必要なimportは以下の二つ。他にも方法はあるが、簡単かつメジャーなのは以下の二つ。

import requests
from bs4 import BeautifulSoup

anacondaで入れる際にはそれぞれ以下のコードでインストール可能。一応、ご自身で検索していただければ幸いだ。

  • requests: conda install -c anaconda requests
  • conda install: -c anaconda beautifulsoup4

流れ

  1. requestsでHTMLとしてデータを取得
  2. BeautifulSoupで必要なデータを抽出

requests

requestsモジュールは、Webサイトの情報を取得するためのモジュール。これがないとスクレイピングできない。anacondaのインストールコマンドは以下。

conda install -c anaconda requests

BeautifulSoup

BeautifulSoupモジュールは、HTMLからデータを取り出すためのモジュール。

conda install -c anaconda beautifulsoup4

WebサイトのデータをHTMLとして出力

サイトのステータスコードの取得

ステータスコードとは、Webサーバからのレスポンスを表す3桁の数字。有名なのが「404 Not Found」。ざっくりいうと、

  • 100番台: 情報レスポンス
    • 処理に時間がかかっているが継続中
  • 200番台: 成功レスポンス
    • 処理が成功して正常にレスポンスできている
  • 300番台: リダイレクション
    • リダイレクト(サイトが新しいURLになった時に自動で転送)などで追加の処理が必要
  • 400番台: クライアントエラー
    • 正常にレスポンスできない
  • 500番台: サーバーエラー
    • サーバーに問題がありエラー

requestsモジュールのgetメソッドの引数に見たいURLを指定し、サーバーからのレスポンスを取得。ステータスコードが200なので正常に処理されている。

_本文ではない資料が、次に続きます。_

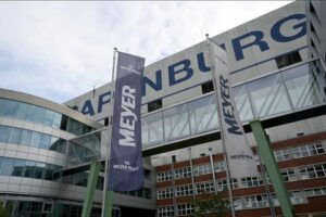 ARCHIV: Fahnen flattern vor dem Gebäude der Meyer Werft am Tag des Besuchs von Bundeskanzler Olaf Scholz (nicht im Bild) in Papenburg, Deutschland, am 22. August 2024. REUTERS/Carmen Jaspersen

# getメソッドは引数にURLを指定しwebページにアクセスしてサーバーからのレスポンスを取得
site = requests.get('<https://www.google.com>')

# サイトのステータスコード
# 正常にサイトにアクセスできていることを示す
print(site)
# <Response [200]>

サイトデータをHTMLとして出力

site.textでサイトのデータをHTMLとして出力。

# サイトのデータをHTMLとして出力
print(site.text)

初めの方の<meta contetn="&#19990;で始まる部分の&#...はHTMLエンティティと呼ばれるものらしく、デコードすると通常の文字として表現可能。HTMLエンティティとは&で始まり;で終わる文字列の一塊のこと。例えば上記だと

&#19990;&#30028;&#20013;&#12398;&#12354;&#12425;&#12422;&#12427;&#24773;&#22577;&#12434;&#26908;&#32034;&#12377;&#12427;&#12383;&#12417;&#12398;&#12484;&#12540;&#12523;&#12434;&#25552;&#20379;&#12375;&#12390;&#12356;&#12414;&#12377;&#12290;&#12373;&#12414;&#12374;&#12414;&#12394;&#26908;&#32034;&#27231;&#33021;&#12434;&#27963;&#29992;&#12375;&#12390;&#12289;&#12362;&#25506;&#12375;&#12398;&#24773;&#22577;&#12434;&#35211;&#12388;&#12369;&#12390;&#12367;&#12384;&#12373;&#12356;&#12290;

はデコードすると

世界中のあらゆる情報を検索するためのツールを提供しています。さまざまな検索機能を活用して、お探しの情報を見つけてください。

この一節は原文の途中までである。